Pada kompetisi nasional ini, Mario membawakan tarian “Sugriwa Subali”, sebuah tarian yang mengisahkan pertarungan antara dua saudara kandung dari bangsa wanara, Sugriwa dan Subali. “Tarian ini punya makna mendalam tentang persaudaraan dan konflik. Aku berusaha membawakannya dengan penuh penghayatan,” jelas Mario.
Keberhasilan Mario dalam ajang ini tentu tidak diraih dalam semalam. Ia menjalani latihan intensif setiap hari, selain mengikuti latihan reguler di sanggar setiap Sabtu dan Minggu. Meski persaingan ketat dengan penari-penari lain menjadi tantangan tersendiri, Mario tetap berusaha memberikan yang terbaik. “Penari-penari lain sangat hebat, semuanya bagus-bagus sekali,” katanya.
Di balik perjuangannya, Mario tidak sendiri. Ia mendapatkan dukungan penuh dari keluarga dan para pelatihnya. “Ambu, babah, adikku Luigi, serta pelatihku, Mas Raka dan Teh Nda, selalu mendukungku. Mereka adalah motivasi terbesarku,” tutur Mario.

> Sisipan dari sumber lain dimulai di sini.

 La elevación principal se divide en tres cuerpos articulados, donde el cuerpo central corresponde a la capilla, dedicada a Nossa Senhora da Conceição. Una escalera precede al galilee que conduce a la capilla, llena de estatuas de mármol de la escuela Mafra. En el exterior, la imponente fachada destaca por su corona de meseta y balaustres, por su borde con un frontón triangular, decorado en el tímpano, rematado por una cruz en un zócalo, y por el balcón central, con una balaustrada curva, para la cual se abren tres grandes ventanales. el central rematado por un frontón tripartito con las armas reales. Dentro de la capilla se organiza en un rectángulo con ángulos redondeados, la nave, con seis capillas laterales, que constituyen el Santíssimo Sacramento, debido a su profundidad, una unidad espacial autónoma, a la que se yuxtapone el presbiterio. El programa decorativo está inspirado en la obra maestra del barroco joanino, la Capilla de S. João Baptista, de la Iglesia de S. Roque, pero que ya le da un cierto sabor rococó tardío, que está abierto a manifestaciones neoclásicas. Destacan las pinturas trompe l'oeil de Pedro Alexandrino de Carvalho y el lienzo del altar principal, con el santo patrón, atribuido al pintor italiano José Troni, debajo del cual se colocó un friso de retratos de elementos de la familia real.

Dengan jadwal yang padat antara sekolah dan latihan, Mario tetap berusaha menjaga keseimbangan. “Aku sekolah dan les akademik dari pagi sampai pukul 3 sore, lalu latihan tari di malam hari setelah menyelesaikan tugas sekolah. Sabtu dan Minggu aku latihan di sanggar sebelum pergi ke kelas piano di malam hari. Tapi aku senang dan tidak keberatan dengan jadwalku,” ucapnya dengan penuh semangat.

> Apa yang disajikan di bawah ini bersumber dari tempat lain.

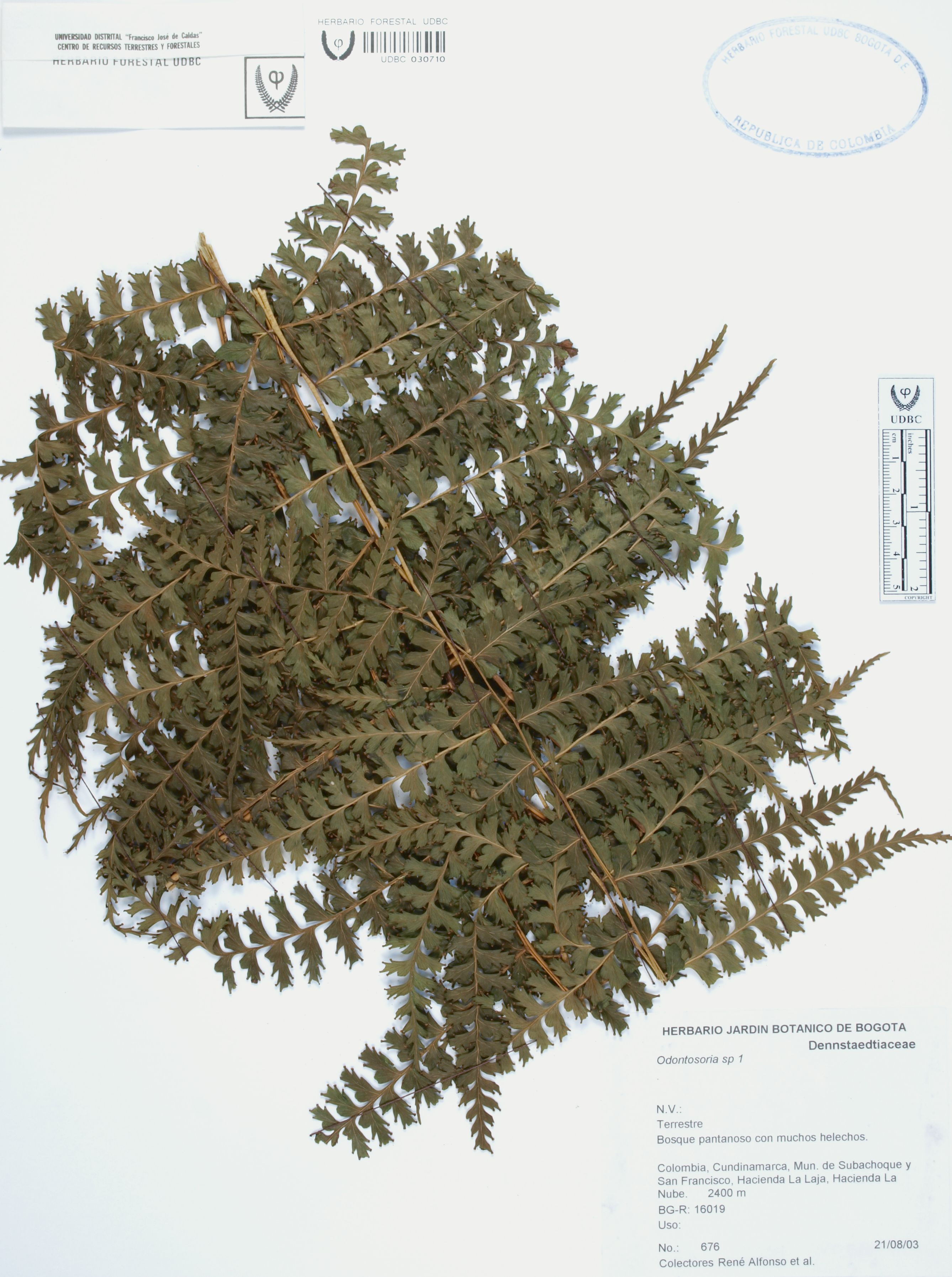 Fotografía del ejemplar Alfonso, R. 676, determinado como Odontosoria sp.

Sang ibu, Ayu Fadzila, yang akrab disapa Shazia Shabrina, merasa sangat bangga atas pencapaian Mario. “Tentu sebagai orang tuanya merasa sangat bangga atas pencapaian yang Mario sudah dapatkan,” ujarnya.
Sejak kecil, Mario sudah menunjukkan minat pada seni tari. Ia sering melihat ibunya menari balet, lalu mulai mengikuti gerakannya dalam tari modern. Akhirnya, di usia 8 tahun, orang tuanya memutuskan untuk memasukkan Mario ke sanggar tari tradisional di Sukabumi, Gaya Gita Studio, dengan harapan ia bisa melestarikan budaya tari tradisional, khususnya Jaipong.